By the time he’s dramatizing this haunted figure’s return to his beloved Isis, the song has become a celebration, and this time his response to her invitation is pure joy (“If you want me to, YES”), and the band descends into borderline-chaos, and the crowd goes nuts. When he’s joined by bassist and musical director Rob Stoner on the final verse, describing his Isis as “a mystical child,” there’s something mystical about the singer as well; he’s shouting her praises with a wide-eyed intensity, overtaken by the song’s energy, and when he bleats out the final harmonica solo, his eyes are all but bugging out of his head.
That performance is the one in the Scorsese picture, and on the 2002 Bootleg Series collection of Rolling Thunder performances. But even that one is arguably eclipsed by the one heard later in the new set, as well as in Dylan’s 1985 box set Biograph, and seen in his own 1978 film of the tour, Renaldo and Clara. In Montreal, on December 4, he’s no longer performing the song; he’s chasing it, wrestling it, and ultimately, possessed by it. He doesn’t seem to sing the lyrics – they’re escaping from him. The band, one of his best, is just trying to keep up.
It’s not that Dylan customarily phones it on onstage (though he’s certainly capable of that), but even at his best, he’s traditionally some variation of aloof. So what exactly got into him in these performances? It could just be what Baez calls the “Rolling Thunder energy,” which you can either take straight or as a coded reference to the white powder du jour. But there’s certainly more to it than that. The closest Dylan offers to a clue to the song’s meaning and import is found in how he begins the performances. He’d pivoted away from verbose stage chatter by this time (a stance he’s mostly kept), but he does tend to fire off a line of introduction. In Montreal, as a shout-out to Canadian native son Leonard Cohen, he announces, “This is for Leonard, if he’s still here.” Early in the tour, he takes to labeling it as “a song about marriage.” In the afternoon performance in Boston, he tells the audience, “This is a true story you’re about to hear… happens to everyone.” But that night, in the filmed performance, he puts a finer point on it: “This is a true story… actually they’re all true.”

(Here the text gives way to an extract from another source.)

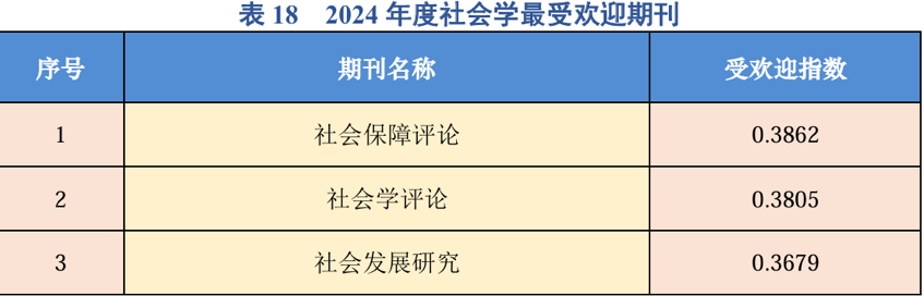该报告选取2024年1月1日以前上线、且有阅读量与下载量的2084种中文期刊、80种中文集刊、23种国内英文期刊进行评估,这些中文期刊涵盖哲学社会科学各个学科,按照论文所属学科把期刊划分为23个学科大类和1个综合大类。经过对这些哲学社会科学期刊的阅读指数、下载指数与受欢迎指数进行计算统计,并按照受欢迎指数排序后,展示前10%的期刊为最爱欢迎期刊。其中,在30种社会学期刊中,前10%的3种为社会学类最受欢迎期刊,由中国社会保障学会主办的《社会保障评论》排名第一,再次入选“最受欢迎期刊”。
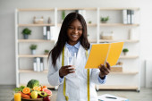 Zdjęcie "Wesoły afrykański amerykański dietetyk żeński z referatami tworzącymi plan posiłków roślinnych dla pacjenta w klinice" może być wykorzystywane do celów osobistych i komercyjnych zgodnie z warunkami zakupionej licencji Royalty-free. Obraz jest dostępny do pobrania w jakości wysokiej rozdzielczości do 5760x3840.

“Isis” is a song of separation, reconciliation, and celebration – the story of a man who finds his love, abandons her for something better (for her, he insists, though he may know better), and then returns to her embrace. In real life, in the “true story,” Bob Dylan’s separation from Sara did not end so happily; they divorced in 1977. So it seems reasonable to assume that when he was writing and performing the song, often for Sara herself, it was an act of pleading, perhaps even desperation, hence the intensity of its vocalization and physicality. He’s letting himself go, even behind that white greasepaint – “If someone’s wearing a mask,” he admits in one of the new interviews, “he’s gonna tell you the truth.” He seldom let himself go like this before, or since; after Rolling Thunder, “Isis” all but disappeared from his touring repertoire.

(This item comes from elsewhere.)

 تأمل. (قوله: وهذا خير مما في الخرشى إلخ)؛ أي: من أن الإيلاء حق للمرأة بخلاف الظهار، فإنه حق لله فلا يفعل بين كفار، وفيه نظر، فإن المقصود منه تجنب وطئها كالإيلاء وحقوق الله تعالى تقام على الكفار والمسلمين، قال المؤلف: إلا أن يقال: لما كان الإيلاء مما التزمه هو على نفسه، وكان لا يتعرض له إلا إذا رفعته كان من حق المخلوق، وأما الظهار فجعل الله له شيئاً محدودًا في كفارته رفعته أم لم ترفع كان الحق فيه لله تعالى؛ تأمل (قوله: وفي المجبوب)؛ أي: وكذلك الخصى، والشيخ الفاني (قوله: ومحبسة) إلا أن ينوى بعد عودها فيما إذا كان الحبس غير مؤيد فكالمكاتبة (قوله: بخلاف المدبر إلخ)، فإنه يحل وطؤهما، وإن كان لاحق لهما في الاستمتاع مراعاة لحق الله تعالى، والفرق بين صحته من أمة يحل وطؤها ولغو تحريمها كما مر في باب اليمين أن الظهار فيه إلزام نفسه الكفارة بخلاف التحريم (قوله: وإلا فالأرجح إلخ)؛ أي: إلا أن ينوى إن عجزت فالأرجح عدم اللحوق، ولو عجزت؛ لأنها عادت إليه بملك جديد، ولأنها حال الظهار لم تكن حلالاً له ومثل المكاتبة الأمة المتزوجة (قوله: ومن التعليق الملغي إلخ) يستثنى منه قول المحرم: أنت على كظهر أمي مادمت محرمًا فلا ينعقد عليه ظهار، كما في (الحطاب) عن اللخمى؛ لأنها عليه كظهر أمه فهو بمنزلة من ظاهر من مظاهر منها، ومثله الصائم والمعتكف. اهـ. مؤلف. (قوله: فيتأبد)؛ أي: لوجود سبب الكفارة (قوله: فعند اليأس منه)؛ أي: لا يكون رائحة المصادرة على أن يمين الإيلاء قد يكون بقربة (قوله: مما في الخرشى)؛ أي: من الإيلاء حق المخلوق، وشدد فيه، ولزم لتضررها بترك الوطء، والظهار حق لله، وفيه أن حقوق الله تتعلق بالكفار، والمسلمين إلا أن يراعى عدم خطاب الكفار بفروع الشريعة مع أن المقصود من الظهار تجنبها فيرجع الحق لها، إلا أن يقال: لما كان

Or maybe – and there must always be a maybe with an artist as slippery and transformative as this one – he was simply giving his best performance, to his own cameras. This footage, after all, was captured for the Dylan-directed Renaldo and Clara, and the actor on stage knew exactly what the director wanted. It’s dramatic, and cinematic, and electrifying, vibrating with a sense rare in most concert films and performances: that at any moment, anything can happen.
“Rolling Thunder Revue: A Bob Dylan Story by Martin Scorsese” is currently streaming on Netflix. “The Rolling Thunder Revue: The 1975 Live Recordings” is currently available from Columbia Records.